Buradan yargıya geçmişken Ebru Timtik ve Aytaç Ünsal'ı bir kez daha hatırlatmak istiyorum, bıkmadan, usanmadan hatırlatacağız. Çünkü 2 avukat arkadaşımız ölüm orucundalar. Talepleri bu ülkede olmayan bir şey için, adil yargılanma için. Çünkü dosyalarında adil yargılanmanın emaresi olan hiçbir şey olmadı. Hiçbir delil olmaksızın arkadaşlarımızı yıllara varan cezalarla cezalandırdılar. Bu ülkede maalesef avukatlar, adil yargılanma için ölüm orucuna girmek zorunda kalıyorlar. Adil yargılanma talepleri bir an önce kabul edilsin diyorum. Yargıtayda olan dosyaları bir an önce ele alınsın ve adil yargılanma talepleri de kabul edilsin.
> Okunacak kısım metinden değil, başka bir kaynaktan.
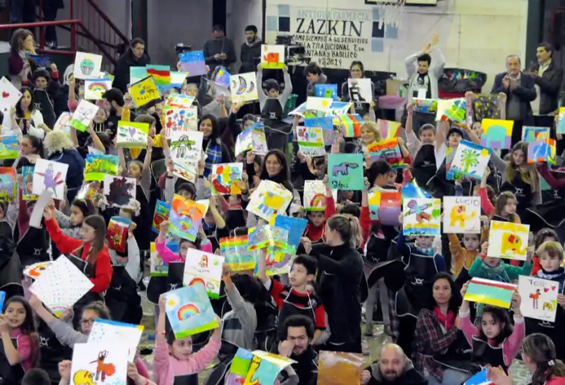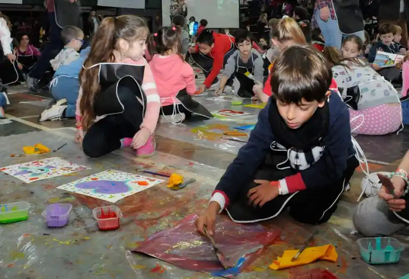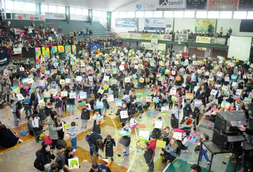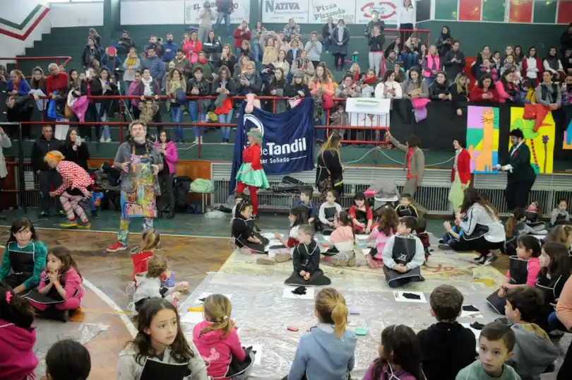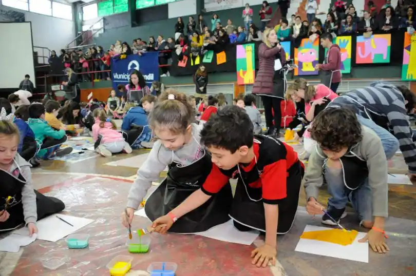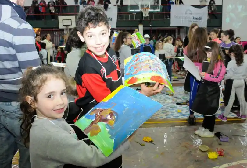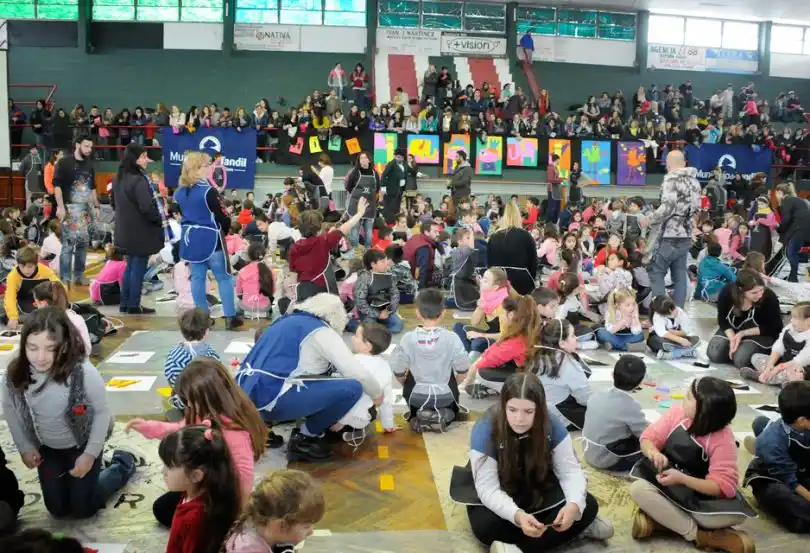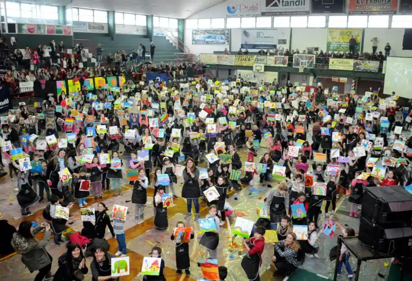 Este sábado, 500 chicos de entre 5 y 10 años llenaron de color y alegría el gimnasio del gigante de Villa Italia, para participar del taller de pintura gratuito que el artista plástico chaqueño realizó junto a su equipo con la organización del Municipio de Tandil. A fines de abril había arribado a la ciudad en el marco del programa provincial AcercArte para desarrollar una propuesta más acotada, que habilitaba el ingreso de solamente 50 chicos, razón por la cual muchos de los que quedaron afuera en ese entonces pudieron tener revancha en esta ocasión.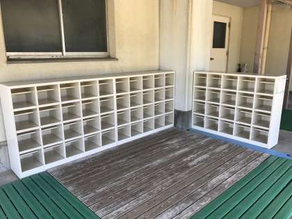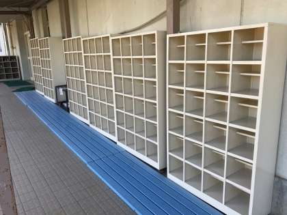 以前ホームページに製作中の記事を載せた、管理作業員さんによる体育館前の下足箱が完成しました。前の錆びた状態とは雲泥の差で、新品を買ってきたような美しい仕上がりになっています。これで3年生の卒業式も、参加者全員が気持ちよく迎えることができますね。毎度毎度、生徒たちのためにいろんな所をきれいにしたり、便利なものを作っていただき、ありがとうございます。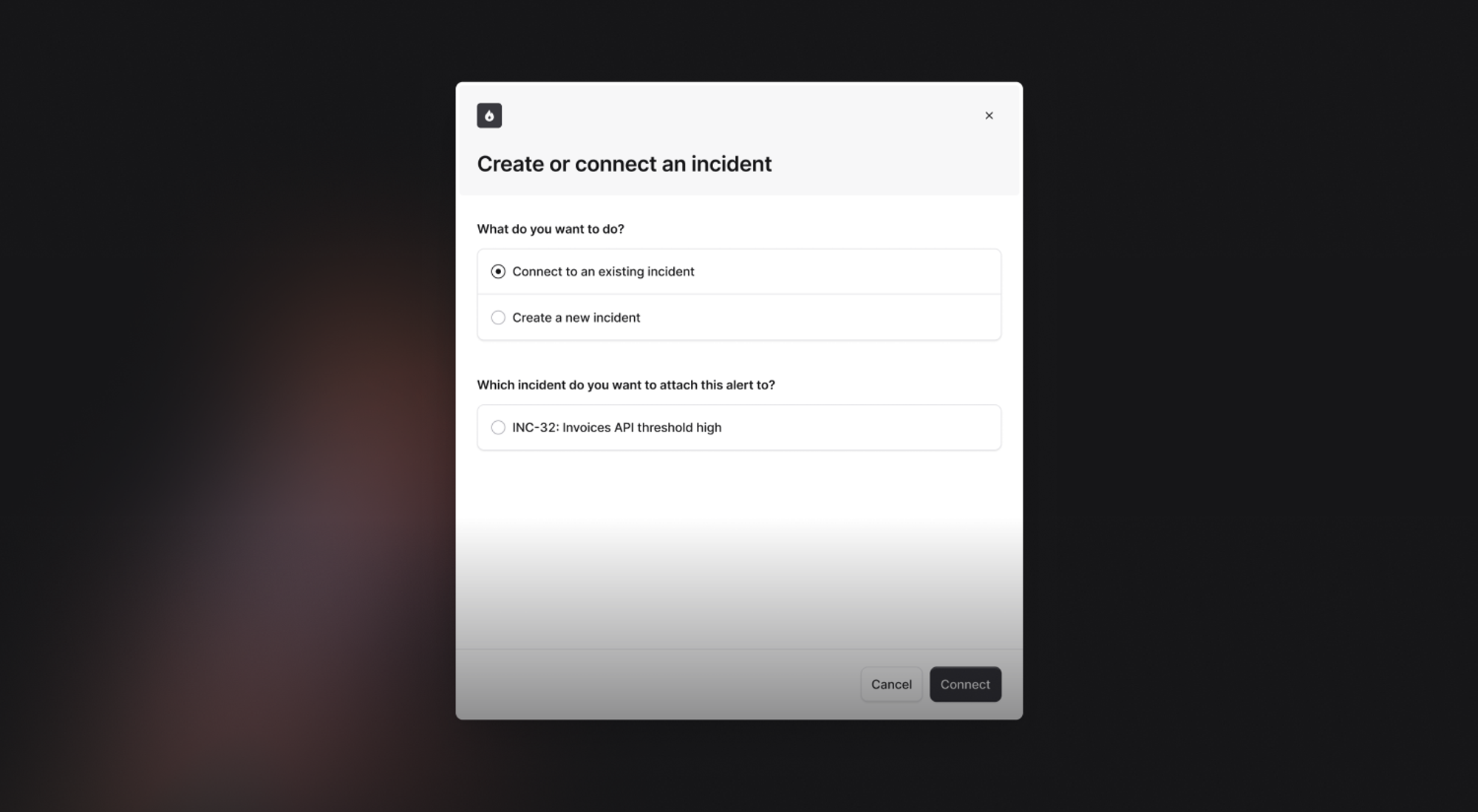 Previously, this required you to manually create an incident, where you’d lose the context of the alert. Now, you can declare an incident straight from an escalation, or connect the alert to an incident that’s already live from the same alert route. When you create an incident, we'll use the incident template from the route which the alert came in through.

Ebru ve Aytaç arkadaşımız yaşasın, bir ölümü daha kaldıracak durumda değiliz zira.

Diğer bir meselemiz İstanbul Sözleşmesi, yine çok gündem olmaya başladı sürekli tartışılıyor, kaldırılması, imzanın çekilmesi vesaire gibi tartışmalar yapılıyor. Ya, buradan gerçekten sormak istiyorum. İstanbul Sözleşmesi'nin koruduğu haklardan neden vazgeçilmek isteniyor? Kadına yönelik aile içi şiddet, cinsel istismar, tecavüz, zorla erken evlendirme, namus cinayetleri, kadına yönelik her türlü şiddetin önlenmesi, çocukların korunması meselesini düzenleyen bir İstanbul Sözleşmesi'nden imzayı neden geri çekmek istersiniz? Kadınların korunmasından yana değil misiniz? Kadınların şiddete uğramasından yana mısınız? Kutsal aile dediğiniz mekânlarda kadınlar öldürülüyorsa, kadınlar şiddete maruz kalıyorsa, kadınlar ve çocuklar tecavüze maruz kalıyorsa, aman ailemiz korunsun ama kadınların başına, çocukların başına ne gelirse gelsin mi diyorsunuz? Herhâlde bunları diyorsunuz ki İstanbul Sözleşmesi'ndeki imzayı geri çekmeye, kaldırmaya çalışıyorsunuz. Gerçekten anlaşılabilir bir şey değil. Yarattığınız algı da gerçeklere dayanmıyor. Kesinlikle bu Sözleşme'den kadınlar vazgeçilmesinden yana değiller. Zaten kadınları korumadığınız bir sistem var, zaten erkek yargı var ve İstanbul Sözleşmesi kadınlar açısından gerçekten büyük dayanak. Bu dayanağı kaldırdığınızda kadınlar daha fazla şiddetle baş başa kalacaklar, tecavüze, tacize uğramaya devam edecekler, erken evlendirmeye, namus cinayetlerine kurban gidecekler. Siz bunları mı istiyorsunuz gerçekten? Lafı geldiğinde en büyük kadın hakları savunucusu siz olurken, nasıl oluyor da kadınların kazanımları olan, kadınların yıllarca mücadele ederek kazandığı böyle bir sözleşmeden geri çekilmeyi düşünebiliyorsunuz, bunu tartışabiliyorsunuz? Kusura bakmayın, makbul kadınlarınız da, şiddete boyun eğen kadınlar da olmayacağız, aile içerisinde cinayete kurban gitmeye de sessiz kalmayacağız. Kadınlar bunun için sokaklardalar, İstanbul Sözleşmesi'ni savunmak için sokaklarda, meydanlardalar.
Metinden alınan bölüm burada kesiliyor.